### RAW DATA

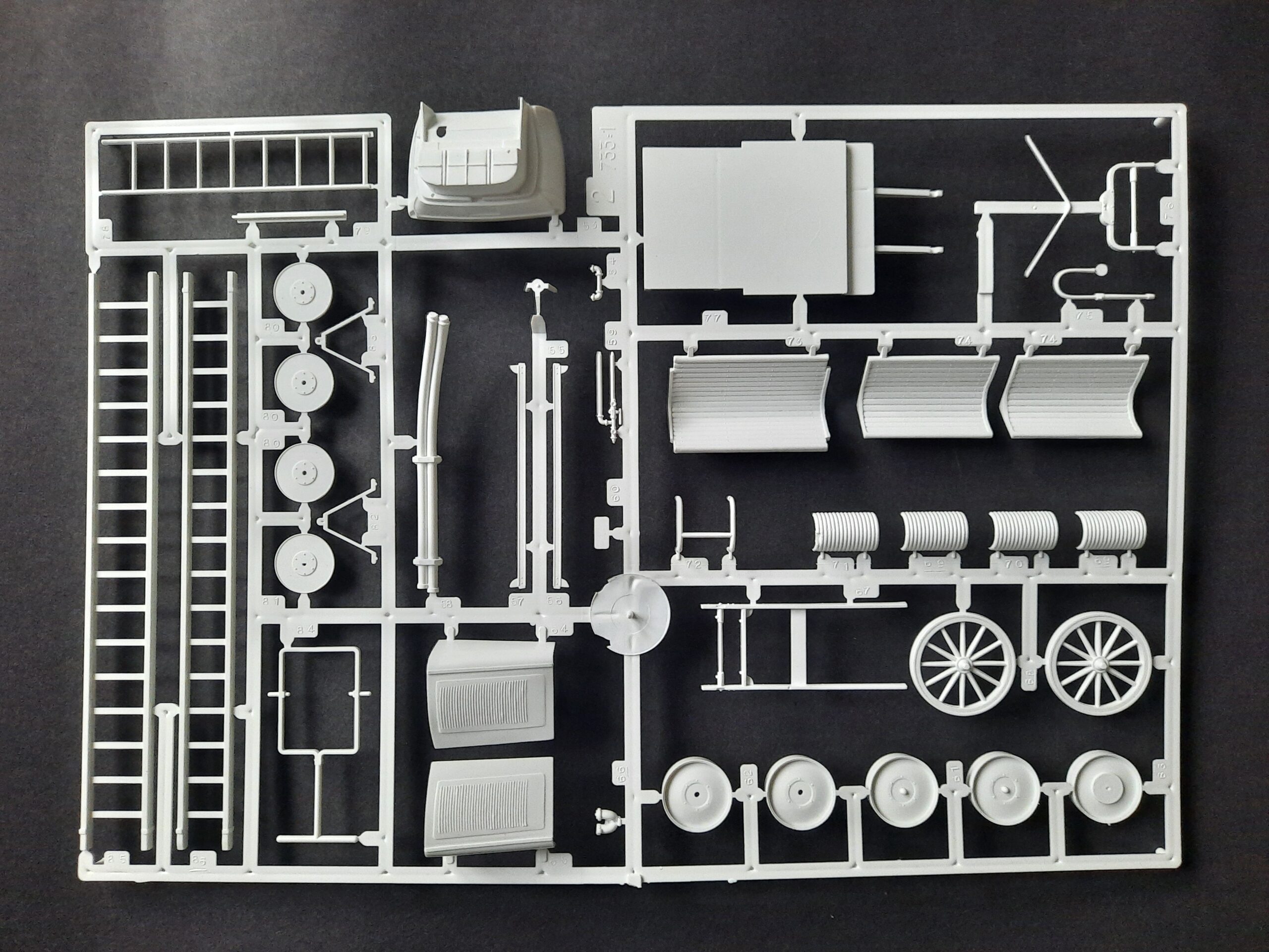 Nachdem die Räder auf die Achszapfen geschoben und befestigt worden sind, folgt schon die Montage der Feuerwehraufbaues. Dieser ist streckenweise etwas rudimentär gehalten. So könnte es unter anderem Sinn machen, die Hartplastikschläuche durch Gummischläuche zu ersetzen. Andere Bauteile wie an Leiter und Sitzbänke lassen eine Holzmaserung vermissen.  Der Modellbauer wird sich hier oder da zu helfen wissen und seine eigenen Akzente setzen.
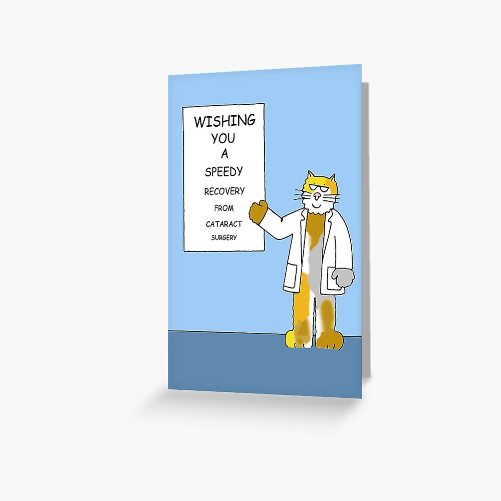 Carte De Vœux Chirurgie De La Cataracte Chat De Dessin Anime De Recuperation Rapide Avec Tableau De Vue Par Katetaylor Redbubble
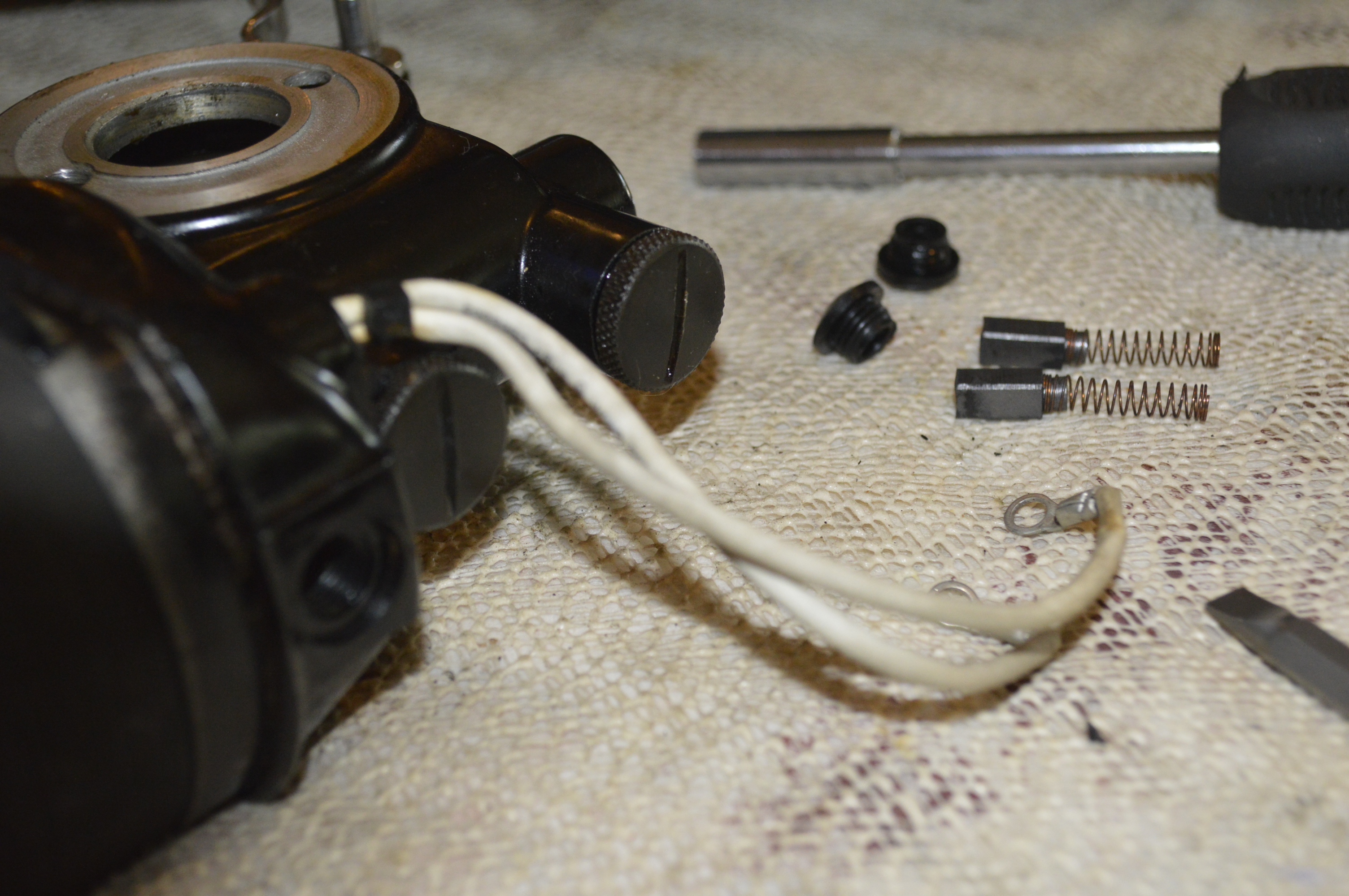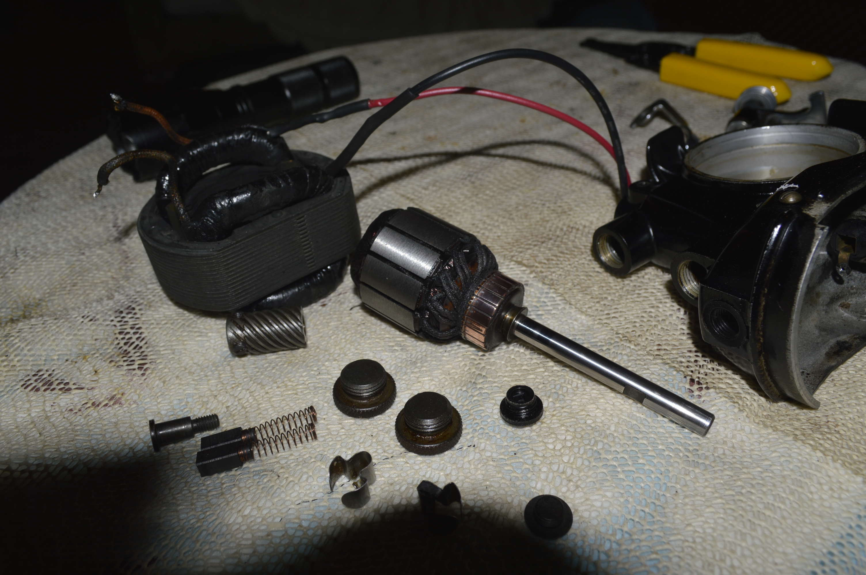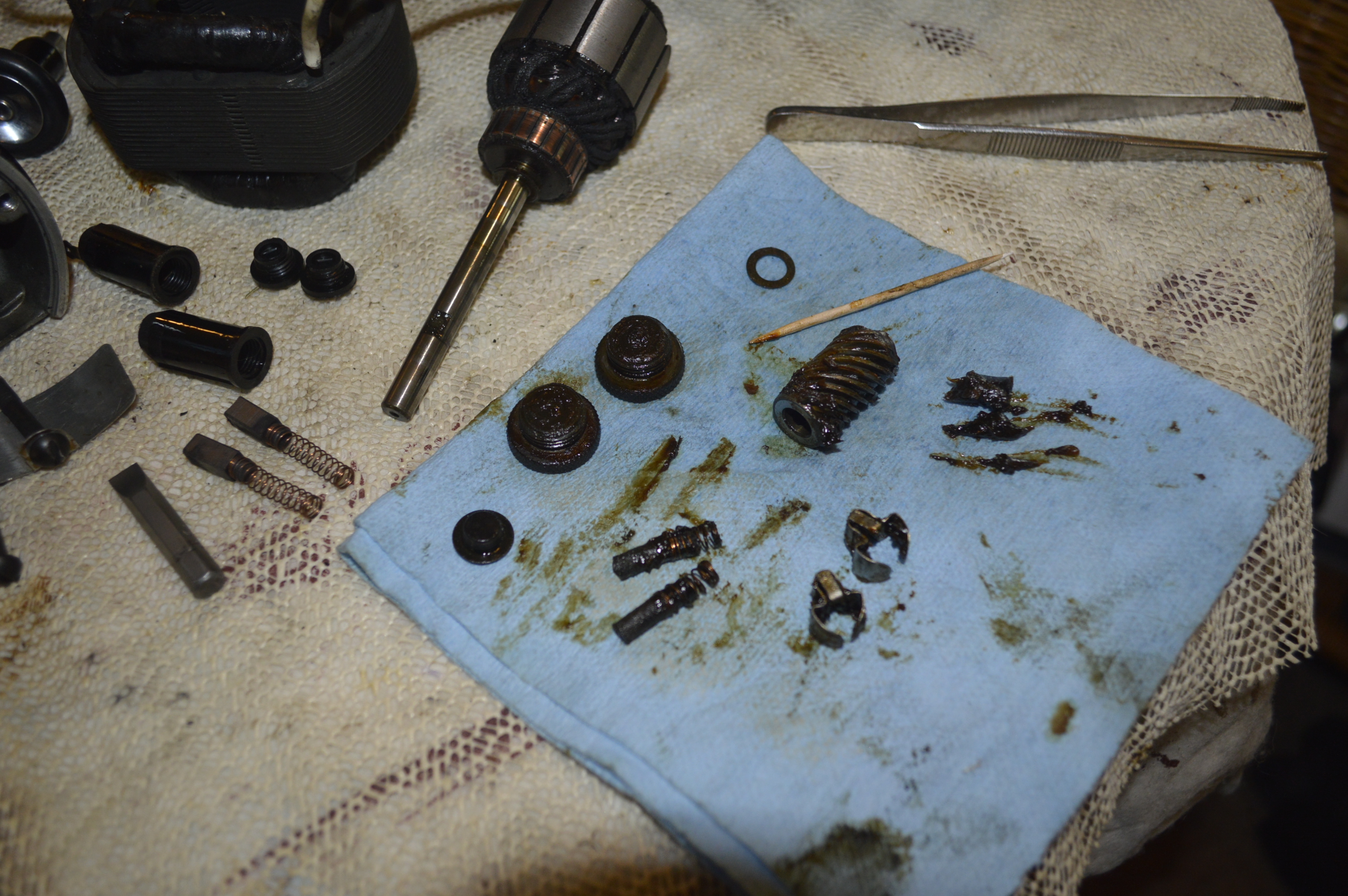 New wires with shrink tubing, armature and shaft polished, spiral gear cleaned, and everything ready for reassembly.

### WHAT THE EXERCISE ASKS
Leaving out only the pictures, reproduce the listing exactly.

### ANSWER BELOW
 Nachdem die Räder auf die Achszapfen geschoben und befestigt worden sind, folgt schon die Montage der Feuerwehraufbaues. Dieser ist streckenweise etwas rudimentär gehalten. So könnte es unter anderem Sinn machen, die Hartplastikschläuche durch Gummischläuche zu ersetzen. Andere Bauteile wie an Leiter und Sitzbänke lassen eine Holzmaserung vermissen.  Der Modellbauer wird sich hier oder da zu helfen wissen und seine eigenen Akzente setzen.
 Carte De Vœux Chirurgie De La Cataracte Chat De Dessin Anime De Recuperation Rapide Avec Tableau De Vue Par Katetaylor Redbubble
 New wires with shrink tubing, armature and shaft polished, spiral gear cleaned, and everything ready for reassembly.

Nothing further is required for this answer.